- [Working data]:
+===+

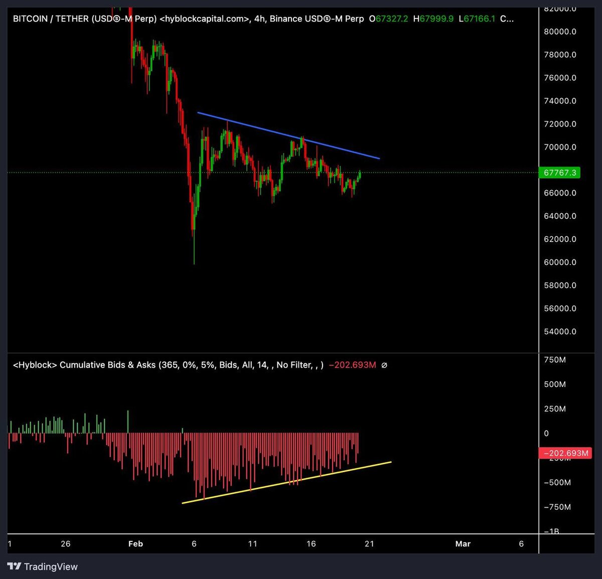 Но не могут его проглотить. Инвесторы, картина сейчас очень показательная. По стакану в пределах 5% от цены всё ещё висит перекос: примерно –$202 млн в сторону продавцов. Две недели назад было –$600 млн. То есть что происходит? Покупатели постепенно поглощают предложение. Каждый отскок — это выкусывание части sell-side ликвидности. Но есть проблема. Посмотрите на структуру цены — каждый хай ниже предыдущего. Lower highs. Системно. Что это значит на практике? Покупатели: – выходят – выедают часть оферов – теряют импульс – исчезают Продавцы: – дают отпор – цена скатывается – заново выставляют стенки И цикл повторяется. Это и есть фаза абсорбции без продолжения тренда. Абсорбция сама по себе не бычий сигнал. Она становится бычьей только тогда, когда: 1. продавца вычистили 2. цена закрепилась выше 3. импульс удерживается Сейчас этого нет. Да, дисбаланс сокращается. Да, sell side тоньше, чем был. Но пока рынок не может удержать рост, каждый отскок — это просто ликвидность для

+===+

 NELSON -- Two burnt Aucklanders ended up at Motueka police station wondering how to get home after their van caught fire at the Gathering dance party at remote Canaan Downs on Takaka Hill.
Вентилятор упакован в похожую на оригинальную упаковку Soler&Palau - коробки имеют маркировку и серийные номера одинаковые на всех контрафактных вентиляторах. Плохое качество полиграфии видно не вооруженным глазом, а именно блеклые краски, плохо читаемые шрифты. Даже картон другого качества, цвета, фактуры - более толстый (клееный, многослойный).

+===+

- [Exercise instructions]:
Return only the part of the records above that opens with the line containing "NELSON -- Two" and closes with the line containing "Вентилятор упакован в", ends included.

- [Solution to this task]:
 NELSON -- Two burnt Aucklanders ended up at Motueka police station wondering how to get home after their van caught fire at the Gathering dance party at remote Canaan Downs on Takaka Hill.
Вентилятор упакован в похожую на оригинальную упаковку Soler&Palau - коробки имеют маркировку и серийные номера одинаковые на всех контрафактных вентиляторах. Плохое качество полиграфии видно не вооруженным глазом, а именно блеклые краски, плохо читаемые шрифты. Даже картон другого качества, цвета, фактуры - более толстый (клееный, многослойный).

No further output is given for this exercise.